Forum Moderators: open
Specifically I would like to shorthen the tags and put the "&" character in the description.
Is this advisable? And are there any rules regarding characters in the tags?
Thanks in advance
The description property is probably the most important one since it is displayed by some search engines on the SERPs.
The content attribute value may contain CDATA [w3.org] both in HTML4 [w3.org] and XHTML [w3.org].
You should use '&' instead of '&' in the content attribute. Other characters are ok as long as you specify the correct character encoding [w3.org].
The Content-Type is a field in the HTTP header (14.17 Content-Type) specifying the media type (text/html, image/png) and in its charset parameter the character encoding. The HTTP protocol [ietf.org] does not require that field. In fact it specifies a default character encoding in the absence of the charset parameter.

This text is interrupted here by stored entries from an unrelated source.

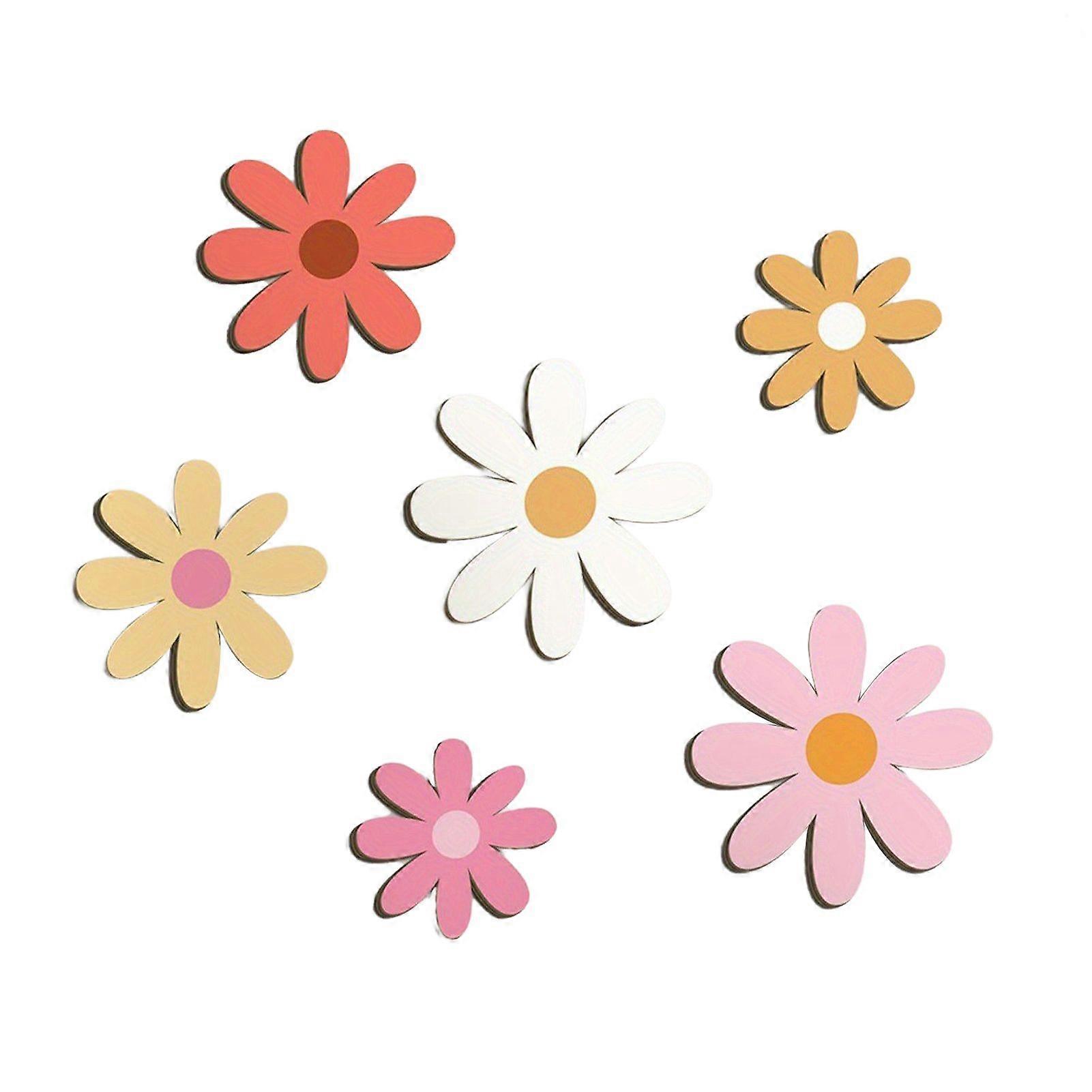 6Pcs/Set Wooden Flower Wall Decoration Farmhouse Rustic Floral Wall Art Home Office Living Room Bedroom Wall Hanging Ornament
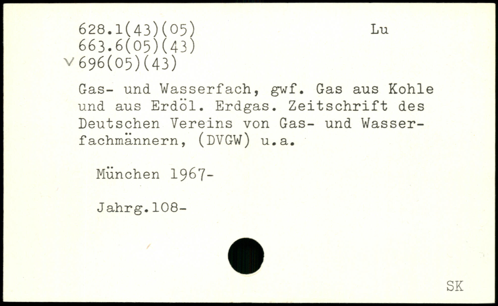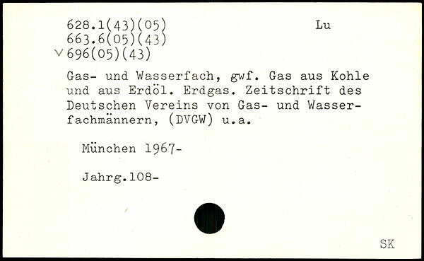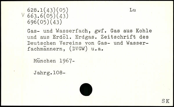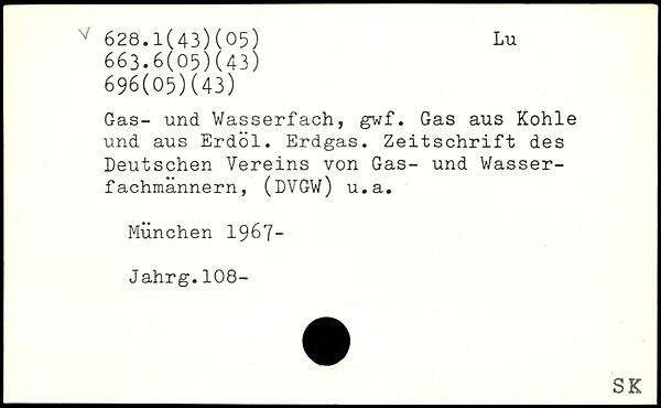 Gas- und Wasserfach, gwf. Gas aus Kohle und aus Erdöl. Erdgas. Zeitschrift des Deutschen Vereins von Gas- und Wasser-fachmannern, (DVGW) u.a.
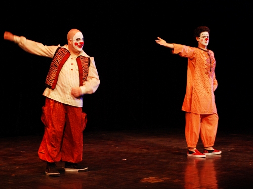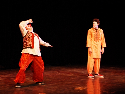 美国尔湾加州大学戏剧系发展学术研究及专业表演训练项目已有44年之久。目前,该系已拥有优秀的表演团体,良好的硬件设施,充满活力的学生团体以及杰出的校友。在不停地探索和研究各种社会、政治、文化现象的理论基础上,学校致力于发展戏剧表演,并积极开展各类学术活动。本次参演的剧目《各就位,叭!》由表演艺术家伊莱•赛蒙指导创作完成。该剧是由两个白脸小丑加上音、景相结合的剧目,它所要探讨的主题是关于禁忌的爱情、家庭的忠诚、生与死的抉择,取材自《罗密欧与朱丽叶》以及《高加索灰阑记》。该剧的舞台设计极为简单,仅有一把椅子,整场演出完全依靠演员的肢体动作和虚拟表情诠释演绎完成。在演出过程中,表演者还注重与现场观众的交流,而交流也是完全依靠肢体动作完成,夸张的表演,形象生动的声音模拟令在场的所有观众无不耳目一新。同时两个小丑身上分别承载着各种不同的角色,通过他们生动的表演引导观众产生共鸣和互动。据悉,这种小丑的表演艺术由伊莱•赛蒙所发展而来,他在03年出版的书籍《被揭开的面具》中曾经提及,并在其2009年出版的第二本书《小丑的艺术》中对小丑表演进行了更为详细的研究和介绍。
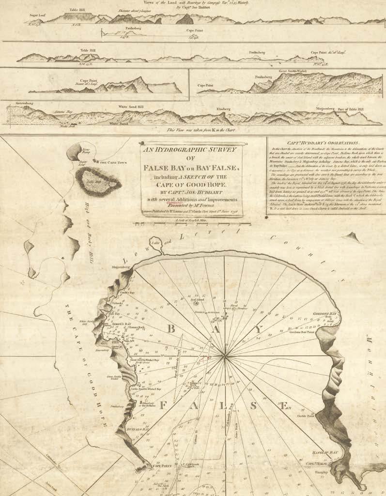 A detailed chart of False Bay, illustrated with numerous coastal profiles, and including lengthy instructions from Huddart: “Simon’s Bay is the only safe harbour in Bay False”.
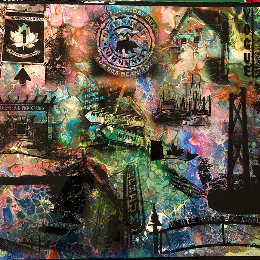 I am pictured above with ‘Staycation’. This piece was chosen as part of the Arts 2019 Exhibition at the Surrey Art Gallery. I was proud and honoured that it received Third Place in the category of Drawing, Mixed Media, and Print Making on Paper.
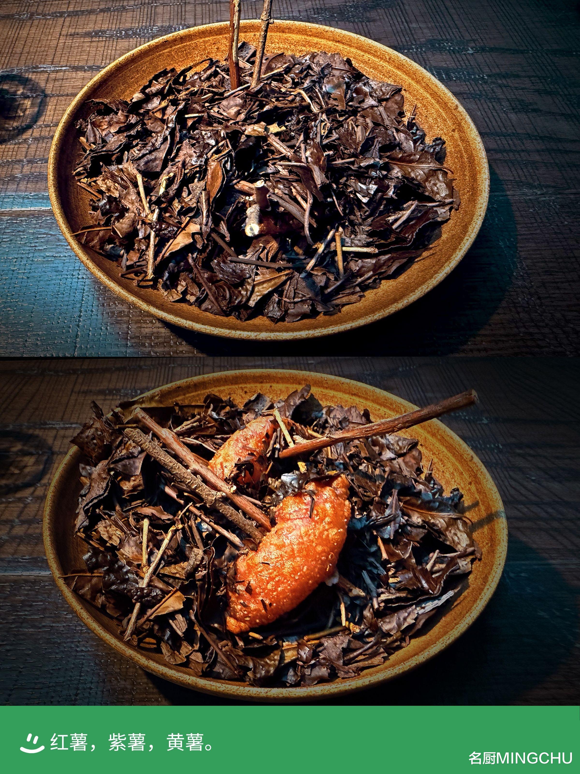 红薯,紫薯,黄薯拉开晚宴序幕的第一道开胃前菜,是由 Florilège 团队带来的美味小食。摆盘看似一碗秋日落叶,其实叶片是来自日本奈良吉野铭茶独特制作的番茶,其中藏着插有树枝的薯味料理。创作灵感源于川手主厨的儿时记忆,把红薯放到土中炙烤。这道红薯,紫薯,黄薯,也是用了同样的做法,但创意之处是将紫薯做成外皮,内馅包含了烟熏红薯,炸制后外层香脆且带有些许韧度,馅料细腻,滋味甘甜,富有香气和热度。
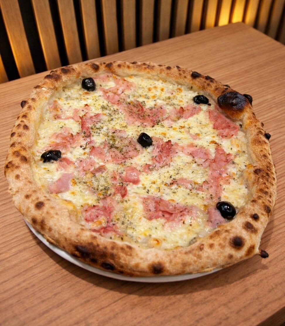 La Deliziosa de la simplicité née l'excellence. Ne contient que des bons produits : Crème, Jambon, Gorgonzola, Herbes de provence, Mozzarella fior di latte, Olives.
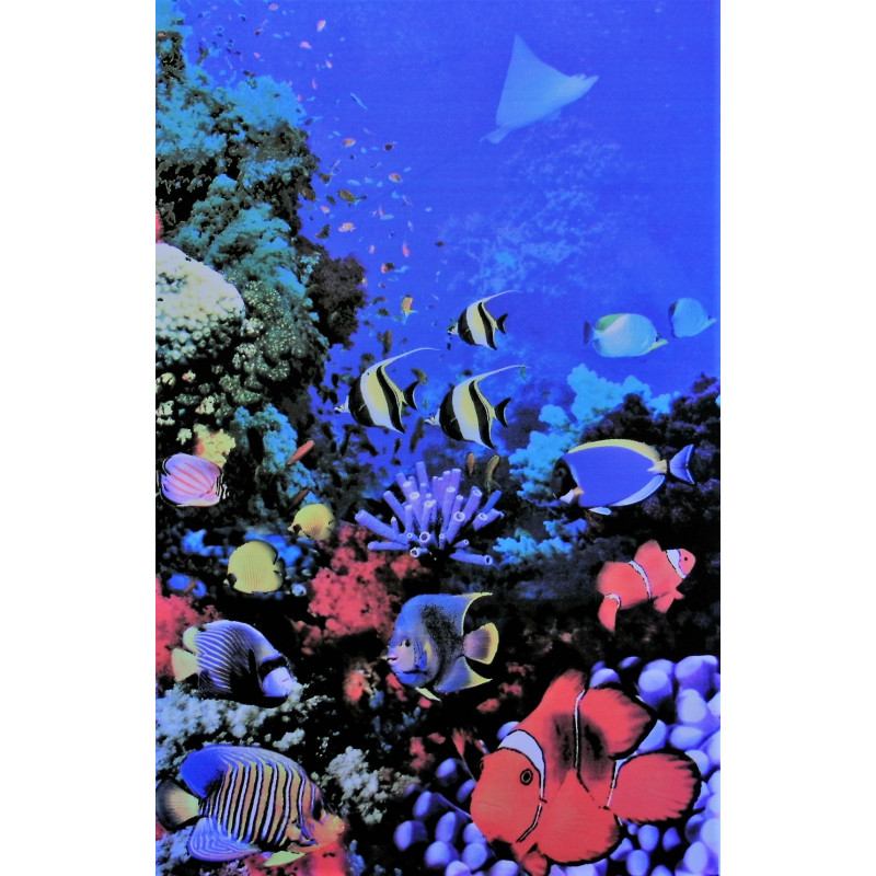 Poster en relief, texture velours, couleur fluorescent. Le poster réagit à la lumière noire, bleue ou violette, et crée une image en relief 3D. Le motif et/ou le personnage semble sortir du décor. Dimansions 90 x 60cm
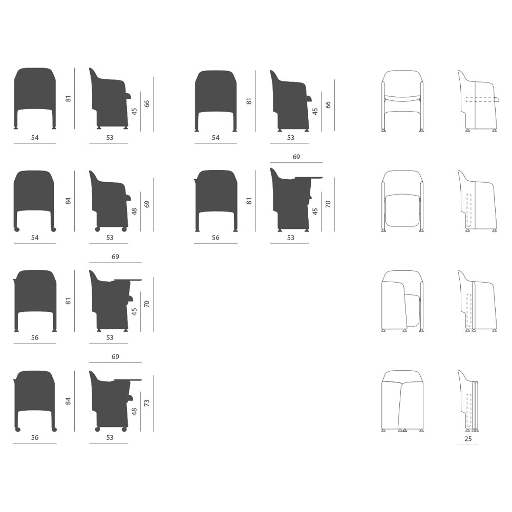 Placerea asteptarii. Familie de piese tapitate – fotoliu si canapele cu doua si trei locuri – destinate spatiilor de asteptare, relaxare sau intalnire.Dimensiuni..
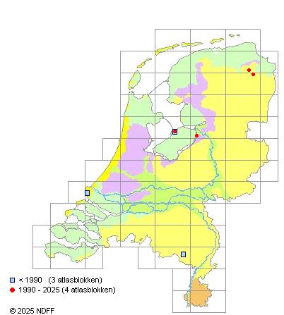 Het aantal atlasblokken (5x5 km) waarin de soort is gemeld binnen een periode van vijf jaar (vanaf 1980) of twintig jaar. Niet gecorrigeerd voor waarnemersinspanning en het aantal doorgegeven waarnemingen kan sterk variëren per periode, dus een trend in verspreiding kan hier niet direct uit worden afgelezen. Het opgegeven jaartal is het eerste jaar van de periode. Bron: gevalideerde waarnemingen uit de NDFF.
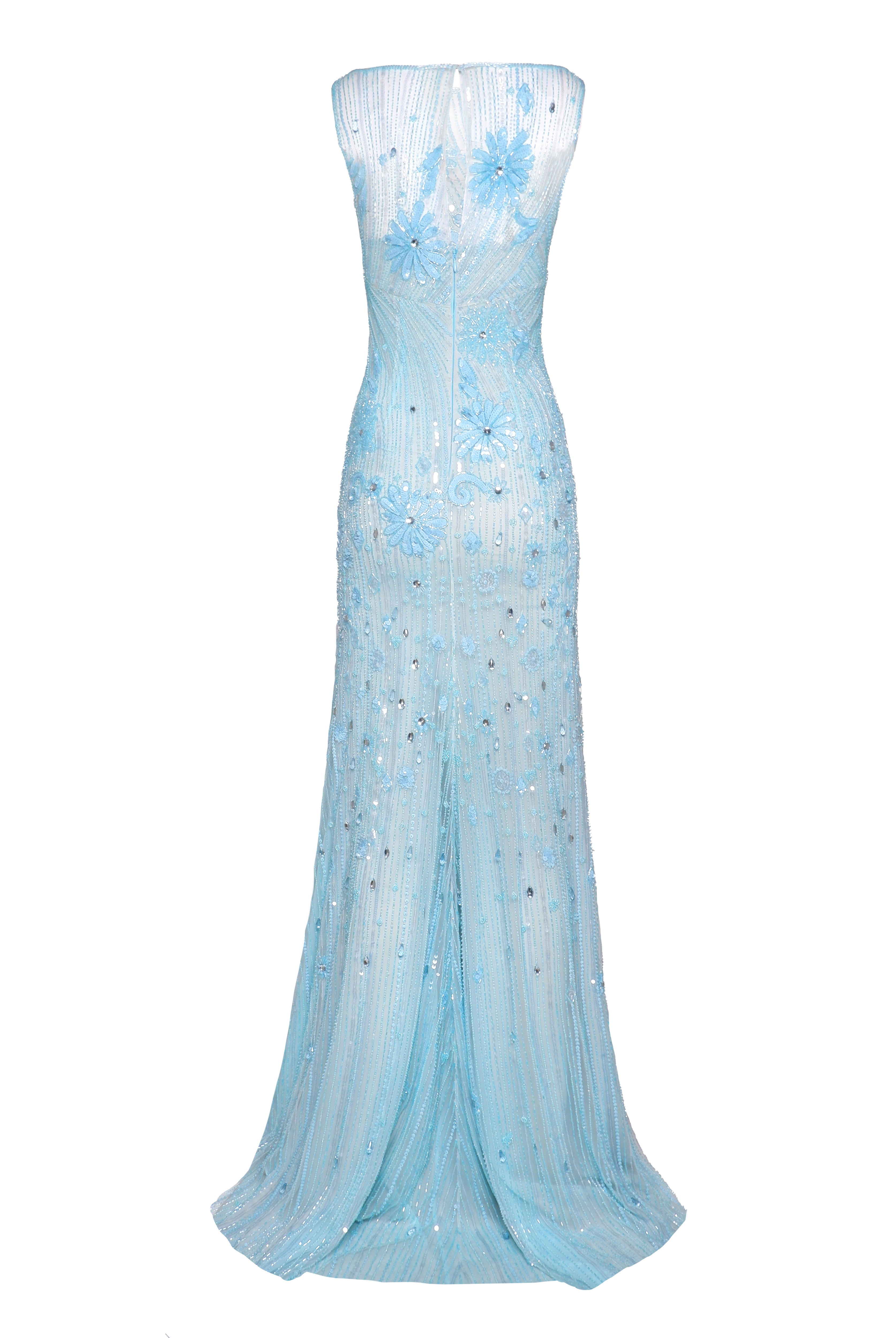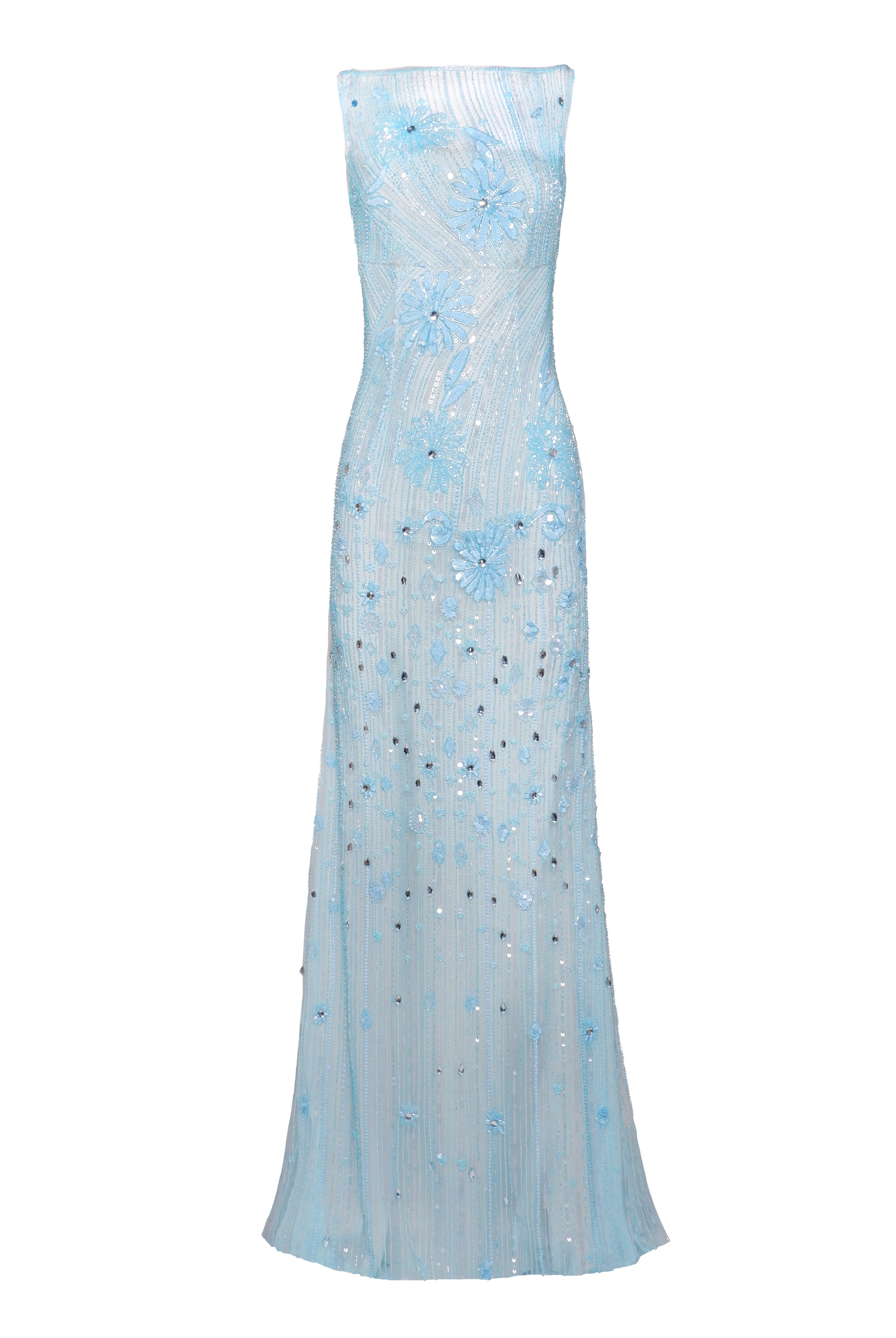 FLORAL BEADED BOATNECK FIT-AND-FLARE GOWN
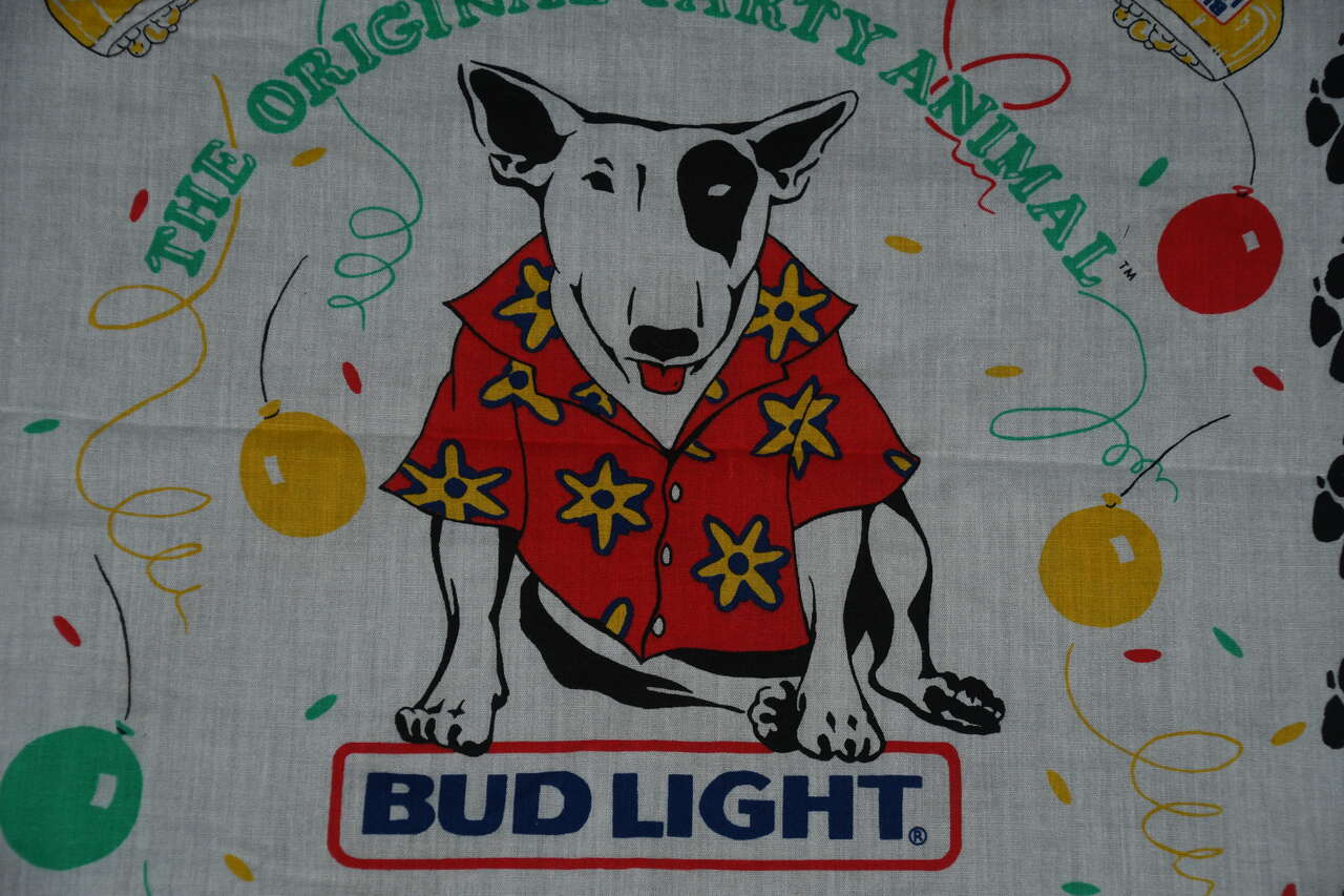 This Vintage SPUDS MCKENZIE BANDANA is about 21" x 21". It is CLEAN! Our home is smoke free. Questions??? Pleaase ask. We are located in Plain City. Cash only please.
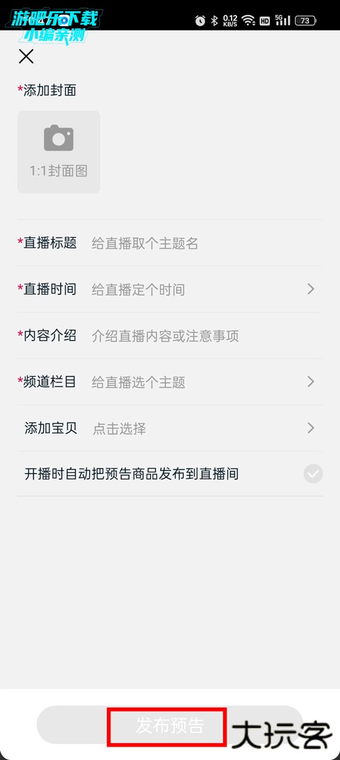 4、在直播预告中,添加封面进行内容介绍,添加商品宝贝,最重要的是选择自动把预告商品发布到直播间,最后点击发布预告即可。
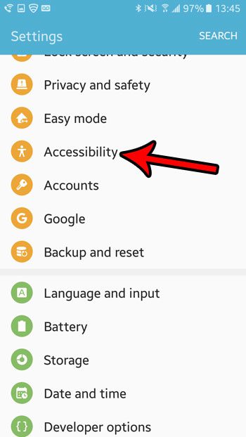 ステップ3:下にスクロールして選択しますアクセシビリティ。

Whether the HTML spec requires a valid document to specify its character set and encoding is a totally different matter. It must be answered from the HTML spec:
To sum up, conforming user agents must observe the following priorities when determining a document's character encoding (from highest priority to lowest):
- An HTTP "charset" parameter in a "Content-Type" field.
- A META declaration with "http-equiv" set to "Content-Type" and a value set for "charset".
- The charset attribute set on an element that designates an external resource.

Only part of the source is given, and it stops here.